- Exercise directions -
Below are entries; print them exactly from the first line through the one containing "오는 29일 국내 개봉하는".
+---+
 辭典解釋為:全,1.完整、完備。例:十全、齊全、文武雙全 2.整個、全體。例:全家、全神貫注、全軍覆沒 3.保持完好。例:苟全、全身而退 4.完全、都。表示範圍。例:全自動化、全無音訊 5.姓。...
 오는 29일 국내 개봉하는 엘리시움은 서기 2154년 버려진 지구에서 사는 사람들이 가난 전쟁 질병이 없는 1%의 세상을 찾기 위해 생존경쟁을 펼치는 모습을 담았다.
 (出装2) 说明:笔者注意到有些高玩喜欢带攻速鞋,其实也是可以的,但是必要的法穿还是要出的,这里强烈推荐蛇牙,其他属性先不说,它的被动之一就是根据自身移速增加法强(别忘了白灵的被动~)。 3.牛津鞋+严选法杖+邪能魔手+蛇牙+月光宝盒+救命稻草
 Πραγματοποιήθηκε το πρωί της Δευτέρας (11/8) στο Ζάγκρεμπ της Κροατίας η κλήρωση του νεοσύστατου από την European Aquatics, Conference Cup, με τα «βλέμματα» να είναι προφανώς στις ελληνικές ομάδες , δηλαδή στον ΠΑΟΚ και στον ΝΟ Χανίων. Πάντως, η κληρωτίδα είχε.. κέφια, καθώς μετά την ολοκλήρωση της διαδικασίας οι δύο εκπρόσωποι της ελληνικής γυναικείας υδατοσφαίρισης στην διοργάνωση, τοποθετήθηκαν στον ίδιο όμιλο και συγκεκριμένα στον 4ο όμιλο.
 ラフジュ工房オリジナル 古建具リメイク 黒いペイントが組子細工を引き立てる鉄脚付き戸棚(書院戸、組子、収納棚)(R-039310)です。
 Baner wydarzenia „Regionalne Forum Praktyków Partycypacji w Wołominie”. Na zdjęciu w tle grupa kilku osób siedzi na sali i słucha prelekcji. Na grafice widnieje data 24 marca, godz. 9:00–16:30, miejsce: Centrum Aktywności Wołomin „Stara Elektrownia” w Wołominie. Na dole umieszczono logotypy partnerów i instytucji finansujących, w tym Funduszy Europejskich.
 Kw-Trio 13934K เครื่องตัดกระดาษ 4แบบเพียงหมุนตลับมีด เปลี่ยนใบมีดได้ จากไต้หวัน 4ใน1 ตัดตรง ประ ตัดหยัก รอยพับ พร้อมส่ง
+---+
- Response to the exercise -
 辭典解釋為:全,1.完整、完備。例:十全、齊全、文武雙全 2.整個、全體。例:全家、全神貫注、全軍覆沒 3.保持完好。例:苟全、全身而退 4.完全、都。表示範圍。例:全自動化、全無音訊 5.姓。...
 오는 29일 국내 개봉하는 엘리시움은 서기 2154년 버려진 지구에서 사는 사람들이 가난 전쟁 질병이 없는 1%의 세상을 찾기 위해 생존경쟁을 펼치는 모습을 담았다.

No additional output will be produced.